Une œuvre de Chizin Rabten intitulée « Le premier roi de Xiangxiong ». Elle est conservée dans le Musée de la Cité interdite de Taipei depuis 2015.

De Lhassa à Songpa : la transmission est l'essence de la culture

Chizin Rabten s'est encore éloigné de sa ville natale. Mais il y retourne une ou deux fois chaque année. Chaque fois, il y fait de nouvelles découvertes.

Par exemple, le village qui se situe près de l'aéroport de Jiuzhai Huanglong s'est développé grâce au tourisme. Les locaux en bénéficient. Le développement de la culture, lui, stagne.

Chizin Rabten pense que les talents sont la clé de la transmission de la culture traditionnelle. « Les oeuvres ne sont pas primordiales, mais la transmission de la peinture de thangka l'est », estime Chizin Rabten.

En 2012, il a commencé à créer une école.

Pour financer la construction de l'école, Chizin Rabten a versé tout l'argent qu'il a gagné par la vente de ses oeuvres. Cela était néanmoins insuffisant. C'est pour cela que quand les gens lui commandaient des thangkas, il exigeait un paiement préalable.

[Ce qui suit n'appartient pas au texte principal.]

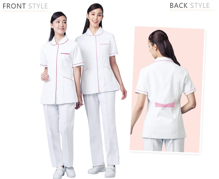チュニック、ワンピースにリボンモチーフの後身頃、ハートシェイプド・ネックや花びらモチーフの袖口、脇ポケットのデザインカットや女性が嬉しいデザインをプラス。視認性も意識したデザイン で、スタッフ間だけでなく、患者さんやご家族からも見つけやすく分かり易い配色使いを心掛けています。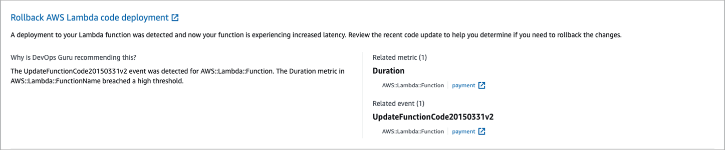 On the same page, DevOps Guru shows recommendations to solve the problem, such as a rollback (remember the error was caused by uncommenting the line in payment service), which is the right solution to the problem. After the rollback, wait a few minutes and DevOps Guru will show the insight was closed.

En août 2015, Chizin Rabten est revenu à Songpan pour en savoir plus sur l'avancement des travaux de l'école.

De 2012 à 2017, le bâtiments d'enseignement, le dortoir, la bibilothèque et les salles multi-fonctionnelles ont été sucessivement achevés. En septembre 2018, l'École de Thangka de Xiangzang, qui est également la base de transmission et de formation de thangka, a officiellement été dévoilée au grand public. Le 5 juillet 2019, une trentaine d'élèves ont commencé à apprendre la peinture dans cette école.


L'école de Thangka de Xiangzang en construction.

Chizin Rabten déclare : « La construction d'une telle école est l'investissement d'une vie. Il reste du chemin à faire. » Une école purement caritative demande un financement continu afin d'assurer son bon fonctionnement. C'est un processus ininterrompu. Chizin Rabten espère que l'école pourra se développer comme il le souhaite et que cet héritage culturel immatériel sera transmit à Songpan, sa ville natale.


Chizin Rabten (à droite) enseigne aux élèves au Centre de Thangka de Xiangzang de Lhassa.


Le Centre de Thangka de Xiangzang de Lhassa.